Vamos a tratar de regularizarnos. Mi editor o agente informal —sin que por eso sea menos demandante o autoritario— es Fredi, uno de los únicos amigos de mi infancia argentina con quien mantengo contacto no sólo constante sino también regular. Cuando me envía un email desde su nativa Buenos Aires y no le respondo al toque, me lo manda nuevamente con la advertencia de que lo hace por segunda vez por si no lo he recibido o ha escapado (SPAM) mi atención en la oportunidad original. “Por las dudas te lo mando de nuevo”, escribe. Así son las cosas. Entonces, estos recuerdos a continuación son producto del material que Fredi en sus últimos emails me ha estado recordando y pidiendo que haga explícito. Contarte las varias escenas sobre el mismo tema que Fredi me propone tal vez me lleve más de un domingo. Por eso escribí “regularizarnos”. Desde el comienzo de la primera fase de la pandemia desaparecí de esta publicación varios domingos. ¿Quién sabe si este asuntito no me da tema para escribir más a menudo?
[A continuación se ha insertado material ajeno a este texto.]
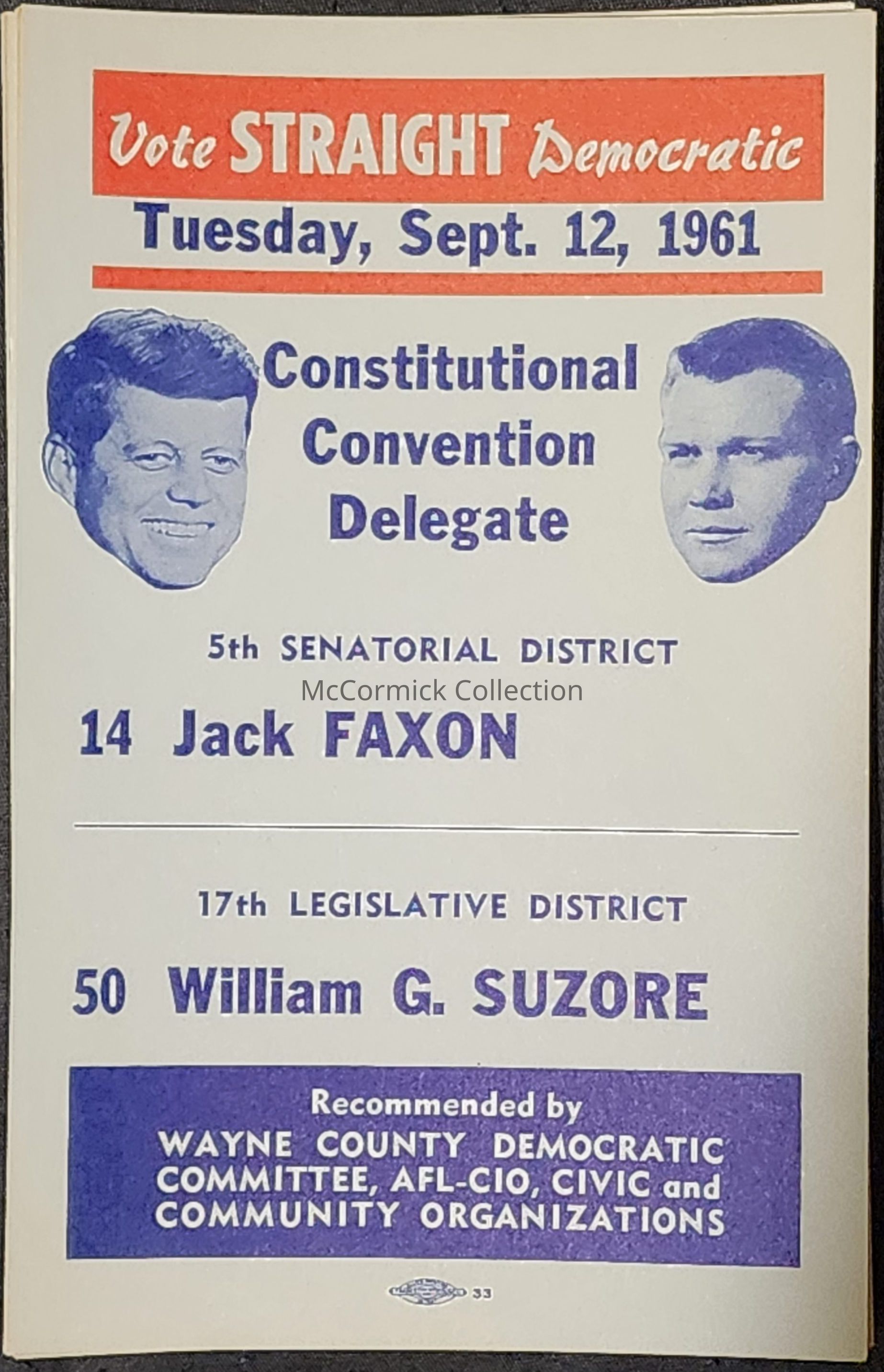 A small paper flier from 1961 featuring the likeness of John F. Kennedy and John B. Swainson. It campaigns for Jack Faxon and William Suzore for Constitutional Convention (Con Con) delegates.

De todos modos, sigue a continuación el caso que decidí exponerte hoy. No me costó ningún esfuerzo, salió a la superficie por sí mismo. Los otros eventos seguirán en los próximos domingos, si es que consigo extraerlos de mi memoria y escribirlos de forma satisfactoria, che. Si no, no.
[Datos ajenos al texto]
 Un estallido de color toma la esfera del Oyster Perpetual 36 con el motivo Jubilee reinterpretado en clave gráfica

Corre la segunda mitad de la década del sesenta. Me he ido a Buenos Aires para estudiar ingeniería industrial en la UCA, la Universidad Católica Argentina. Esto no es consecuencia de mi decisión, sino de la que tomaron en conjunto mi mamá y un cierto Dr. Dalfonso. Este individuo es el fundador, propietario y director de un centro de test y análisis vocacionales y de personalidad, que de modo egocéntrico el tipo denominó Instituto caracterológico del Doctor Dalfonso. Tal cual.
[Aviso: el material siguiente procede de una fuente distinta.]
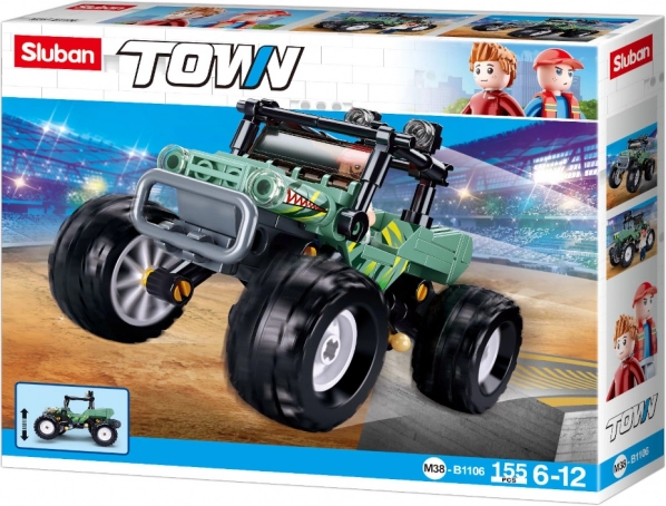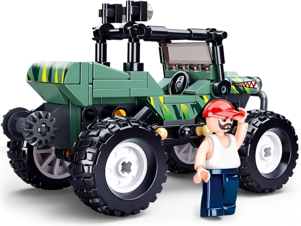 Construiește-ți propriul off‑road de acțiune cu acest set SLUBAN. Conține 155 piese, 1 figurină și oferă un nivel de dificultate ușor pentru copii de la 6 ani. Cărămizile sunt realizate din ABS durabil și sigur pentru sănătate, iar pachetul include instrucțiuni tipărite și autocolante. Setul este compatibil cu LEGO, Cobi și Mega Bloks pentru posibilități nelimitate de construcție.

Durante tres días, allí fui sometido a una serie de baterías psicoanalíticas cuyo resultado determinó que mis estudios universitarios y mi profesión futura serían la ingeniería industrial. Además, ahora por decisión de mamá y de mi profesora de matemáticas, la señora Casas de Rivadeneira, debo integrarme al Opus Dei. Es un claustro de la ultraderecha católica apostólica romana —bah, una secta de fanáticos religiosos nacionalistas a la manera de Tradición, Familia y Propiedad, pero mucho más establecida e institucional. La fundara en España un religioso franquista y supuesto miembro de la nobleza, el Marqués de Peralta, más conocido como Monseñor José María Escrivá de Balaguer. Su mansión en Buenos Aires, Los aleros, se halla en la esquina de las calles Virrey Olaguer y Amenábar, del barrio residencial de Belgrano R. Este será mi hogar. Cosas vederes que non crederes, Sancho.

No es ninguna coincidencia que yo haya emigrado de mi cuna natal y educacional a orillas del río Baradero a ese enclave porteño de la ortodoxia fundamentalista católica internacional: mi educación pre-universitaria completa se realizó también en instituciones religiosas.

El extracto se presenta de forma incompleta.